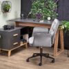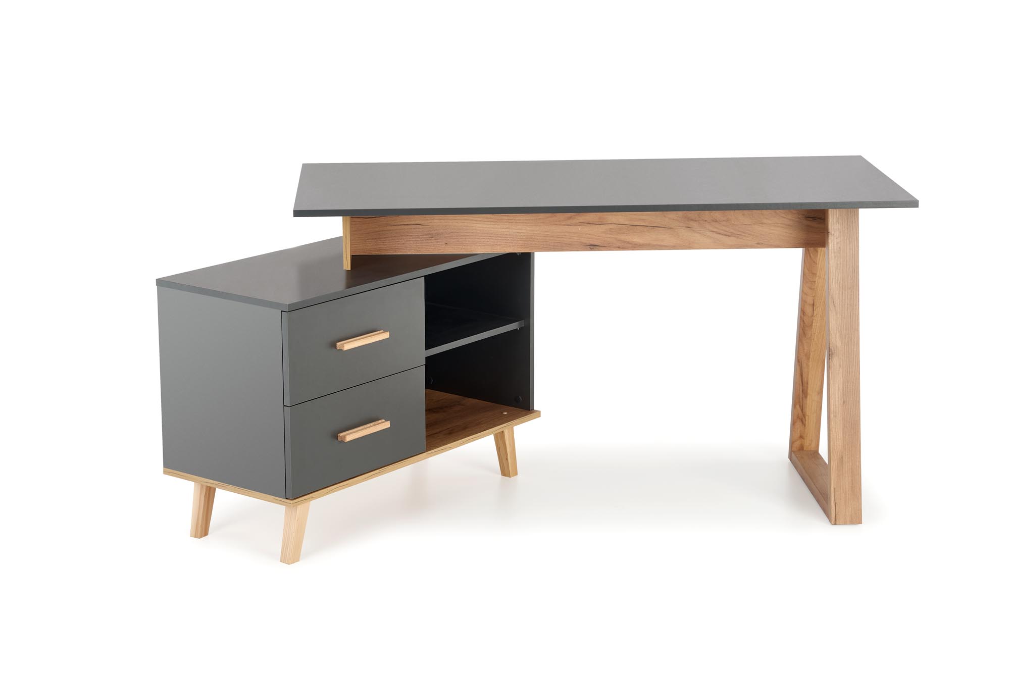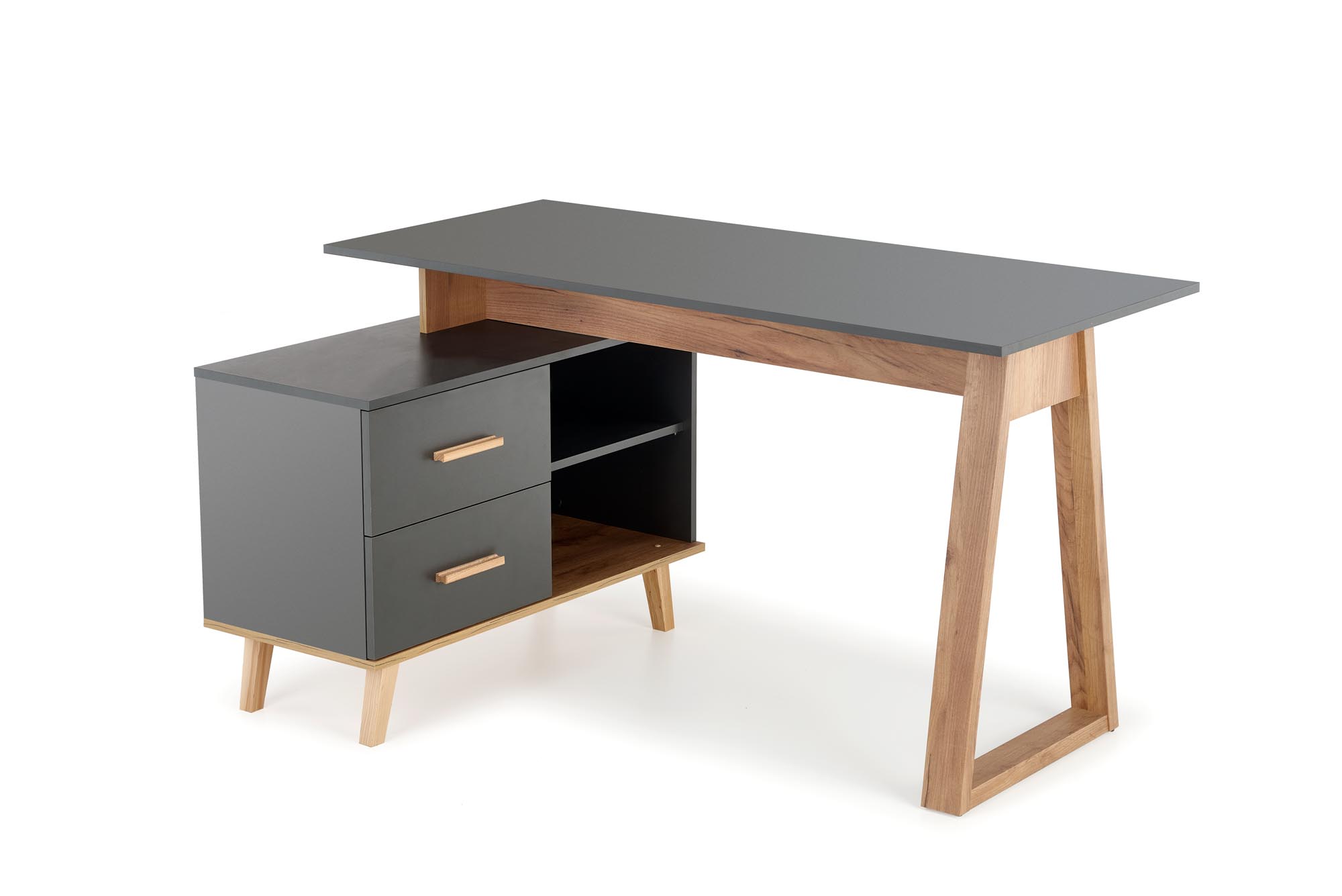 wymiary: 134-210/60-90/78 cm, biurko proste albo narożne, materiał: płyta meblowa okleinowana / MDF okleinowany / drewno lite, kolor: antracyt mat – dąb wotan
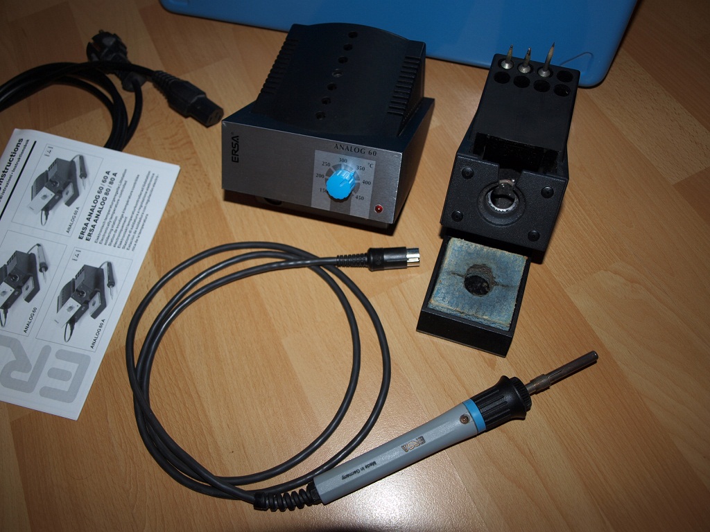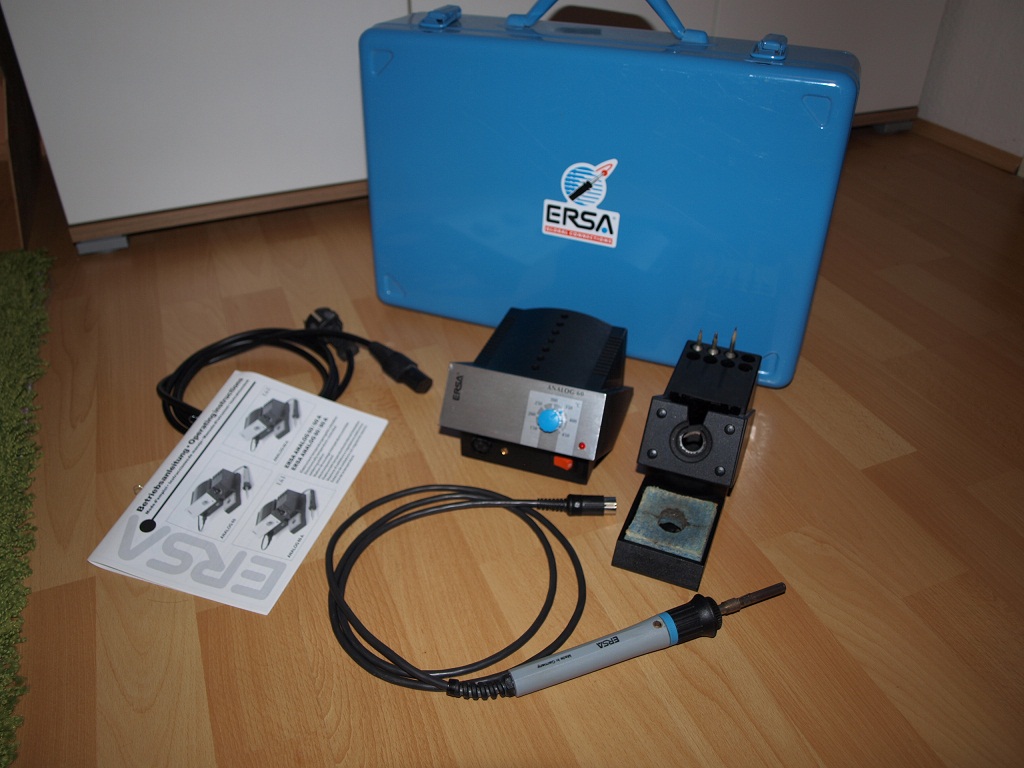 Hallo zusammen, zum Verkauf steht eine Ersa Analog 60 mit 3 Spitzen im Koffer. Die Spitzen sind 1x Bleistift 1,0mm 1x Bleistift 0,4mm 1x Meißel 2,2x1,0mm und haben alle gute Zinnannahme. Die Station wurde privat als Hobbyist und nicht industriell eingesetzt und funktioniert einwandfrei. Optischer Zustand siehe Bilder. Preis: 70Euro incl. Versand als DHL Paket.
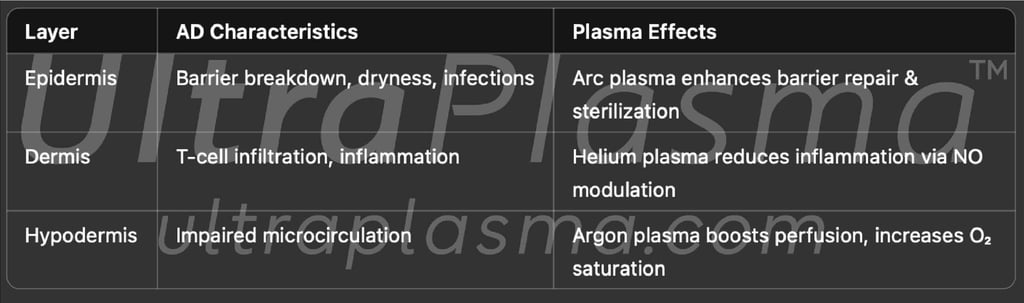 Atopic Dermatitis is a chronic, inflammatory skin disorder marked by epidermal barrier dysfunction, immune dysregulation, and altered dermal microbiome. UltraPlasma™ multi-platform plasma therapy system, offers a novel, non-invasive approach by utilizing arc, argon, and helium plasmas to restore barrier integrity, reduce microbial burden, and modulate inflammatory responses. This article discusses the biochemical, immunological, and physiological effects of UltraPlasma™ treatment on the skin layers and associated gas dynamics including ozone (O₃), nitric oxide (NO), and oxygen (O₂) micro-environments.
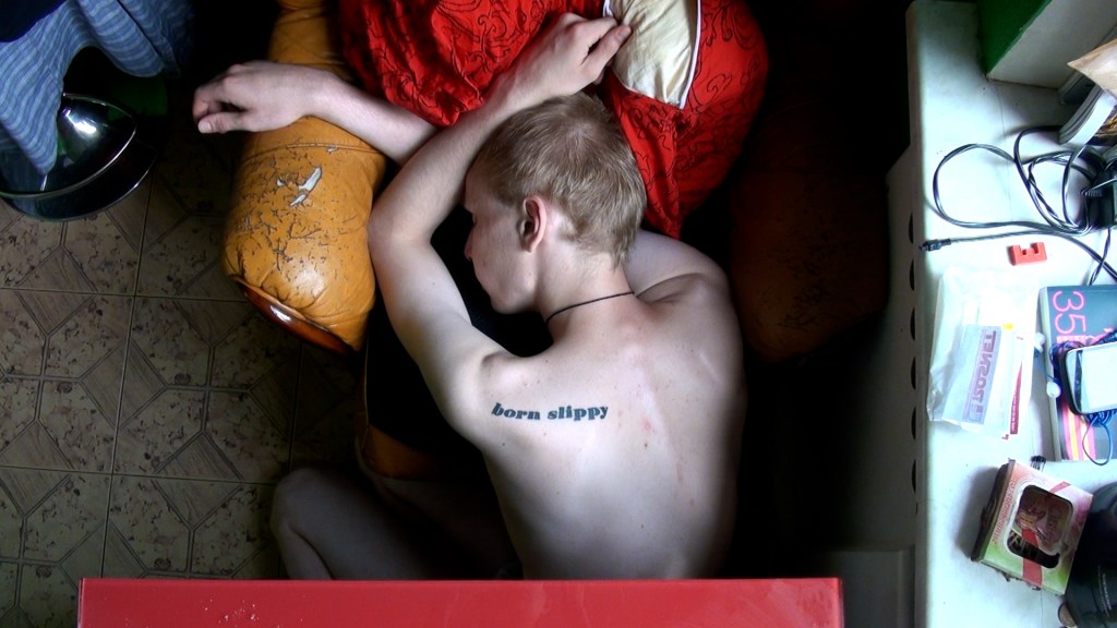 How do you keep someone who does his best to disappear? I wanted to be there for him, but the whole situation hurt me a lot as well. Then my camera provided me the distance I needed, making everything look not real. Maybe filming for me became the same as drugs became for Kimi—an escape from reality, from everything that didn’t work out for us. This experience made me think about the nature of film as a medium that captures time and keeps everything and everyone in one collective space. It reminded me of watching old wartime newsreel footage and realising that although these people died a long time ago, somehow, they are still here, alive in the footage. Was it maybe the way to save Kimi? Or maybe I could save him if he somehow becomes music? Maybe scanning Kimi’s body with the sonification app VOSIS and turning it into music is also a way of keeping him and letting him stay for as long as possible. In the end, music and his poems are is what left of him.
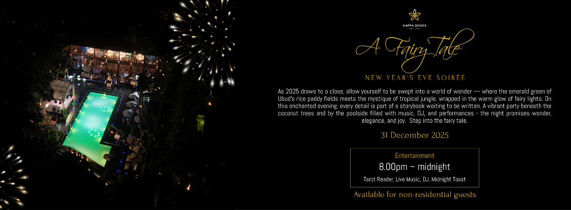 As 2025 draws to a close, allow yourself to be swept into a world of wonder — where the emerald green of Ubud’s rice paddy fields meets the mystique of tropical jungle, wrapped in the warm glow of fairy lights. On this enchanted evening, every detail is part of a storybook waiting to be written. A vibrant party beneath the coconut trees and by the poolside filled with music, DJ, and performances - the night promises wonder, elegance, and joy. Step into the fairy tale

## INSTRUCTIONS FOR THE TASK:
Drop the images; restate the listing exactly.

## ANSWER BOX:
 wymiary: 134-210/60-90/78 cm, biurko proste albo narożne, materiał: płyta meblowa okleinowana / MDF okleinowany / drewno lite, kolor: antracyt mat – dąb wotan
 Hallo zusammen, zum Verkauf steht eine Ersa Analog 60 mit 3 Spitzen im Koffer. Die Spitzen sind 1x Bleistift 1,0mm 1x Bleistift 0,4mm 1x Meißel 2,2x1,0mm und haben alle gute Zinnannahme. Die Station wurde privat als Hobbyist und nicht industriell eingesetzt und funktioniert einwandfrei. Optischer Zustand siehe Bilder. Preis: 70Euro incl. Versand als DHL Paket.
 Atopic Dermatitis is a chronic, inflammatory skin disorder marked by epidermal barrier dysfunction, immune dysregulation, and altered dermal microbiome. UltraPlasma™ multi-platform plasma therapy system, offers a novel, non-invasive approach by utilizing arc, argon, and helium plasmas to restore barrier integrity, reduce microbial burden, and modulate inflammatory responses. This article discusses the biochemical, immunological, and physiological effects of UltraPlasma™ treatment on the skin layers and associated gas dynamics including ozone (O₃), nitric oxide (NO), and oxygen (O₂) micro-environments.
 How do you keep someone who does his best to disappear? I wanted to be there for him, but the whole situation hurt me a lot as well. Then my camera provided me the distance I needed, making everything look not real. Maybe filming for me became the same as drugs became for Kimi—an escape from reality, from everything that didn’t work out for us. This experience made me think about the nature of film as a medium that captures time and keeps everything and everyone in one collective space. It reminded me of watching old wartime newsreel footage and realising that although these people died a long time ago, somehow, they are still here, alive in the footage. Was it maybe the way to save Kimi? Or maybe I could save him if he somehow becomes music? Maybe scanning Kimi’s body with the sonification app VOSIS and turning it into music is also a way of keeping him and letting him stay for as long as possible. In the end, music and his poems are is what left of him.
 As 2025 draws to a close, allow yourself to be swept into a world of wonder — where the emerald green of Ubud’s rice paddy fields meets the mystique of tropical jungle, wrapped in the warm glow of fairy lights. On this enchanted evening, every detail is part of a storybook waiting to be written. A vibrant party beneath the coconut trees and by the poolside filled with music, DJ, and performances - the night promises wonder, elegance, and joy. Step into the fairy tale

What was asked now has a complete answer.